The R2P doctrine permits the world community, acting through the U.N., to take collective action against nations that are “manifestly failing to protect their populations from genocide, war crimes, ethnic cleansing and crimes against humanity.” The junta’s systematic deprivation of its people from receiving lifesaving aid may, in its broadest sense, amount to a “crime against humanity,” the argument goes. If so, then the international community would be permitted to intervene in Burma — by force if necessary — to deliver much needed humanitarian aid without the junta’s consent.

These well-meaning European officials must know, however, that the R2P doctrine cannot save the Burmese people.

China holds sway over Burma and won’t allow a disruption of the status quo in Burma. The R2P doctrine requires the cooperation of the U.N. Security Council, and China (with a veto as a permanent member of the Council) has already rejected the idea out of hand. The limits of R2P have thus been laid bare in the very first instance where its application has been attempted.

Using military force to deliver humanitarian relief to the Burmese people — which is in fact contemplated by the R2P doctrine — is fraught with danger. Landing Marines on Burmese beaches or making airdrops by helicopter aren’t likely to be effective ways of distributing aid to hundreds of thousands of storm victims scattered across hundreds of miles of coastline.

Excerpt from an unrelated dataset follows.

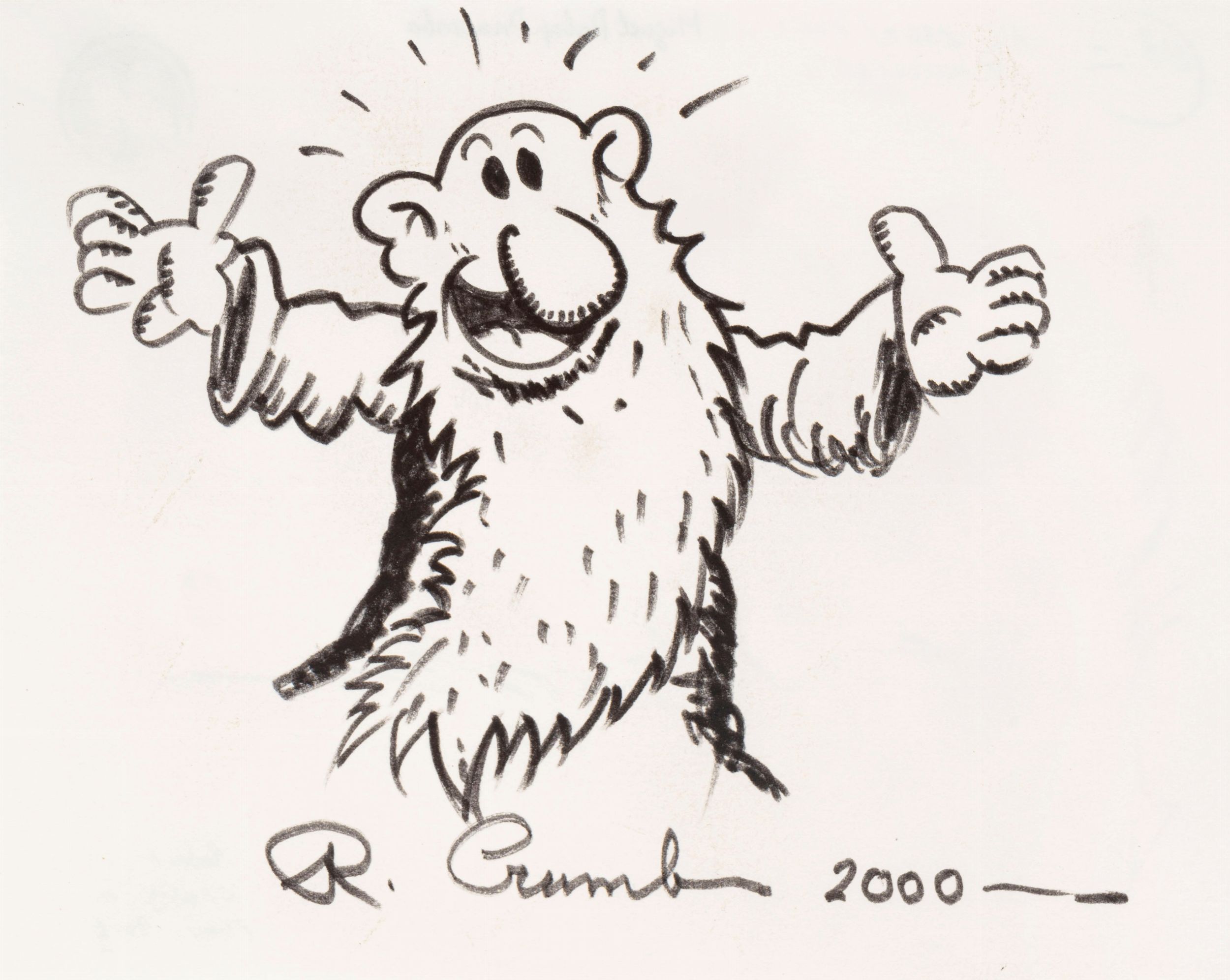 pennarello su carta, 17,5 x 14 cm 2000 Disegno originale realizzato da Crumb nel 2000 raffigurante il suo celebre Mr. Natural, personaggio diventato un'icona della controcultura underground degli anni '60. Al retro è presente il timbro di Miguel Palop Pancorbo, noto critico d'arte e collezionista spagnolo. Firmato e datato.

More importantly, an intervention would likely spark a shooting war with the Burmese military, which would be unlikely to sit idly by while foreign forces “invade” their territory. Any resultant military escalation may spiral out of control if the Chinese support the junta, which already receives the bulk of its arms and ammunition from China. If the intervention collapses the junta, the instability and possible chaos likely to follow would belong to the benevolent interveners.

The tragedy in Burma was sadly predictable. Most of the international community (represented by the United Nations) has ignored the plight of the Burmese people for decades. The repression and violence inflicted by the junta upon its own citizenry — including Buddhist monks engaging in nonviolent protest — has been regularly dismissed by many nations (including China and Russia) as the “internal affairs” of Burma and therefore immune from scrutiny. The U.N. should not be surprised that Burma’s isolated and paranoid regime would now spurn humanitarian relief from the international community.

The member states of the United Nations need only read the U.N. Charter to remind themselves that perhaps the only long-term solution to this catastrophe is the spread of freedom and the establishment of a representative government in Burma. Free countries struck by natural disasters rarely, if ever, reject free humanitarian aid offered by other nations.

Yet the world faces a different kind of regime in Burma, and the solution to the crisis remains elusive. Much of what will ultimately occur in Burma will depend on whether China or the nations of the regional economic organization known as ASEAN (Association of Southeast Asian Nations) are able to pressure the junta into opening its doors to a free flow of humanitarian supplies. Short of that, the world may be forced to watch as the Burmese people suffer and die due to not only to the intransigence of the junta but also the chronic neglect of the rest of the world.

The United Nations should support freedom in Burma with the same fervor that some officials now call for intervention. Perhaps in that way future catastrophes may be avoided.

Steven Groves is the Bernard and Barbara Lomas Fellow at the Heritage Foundation.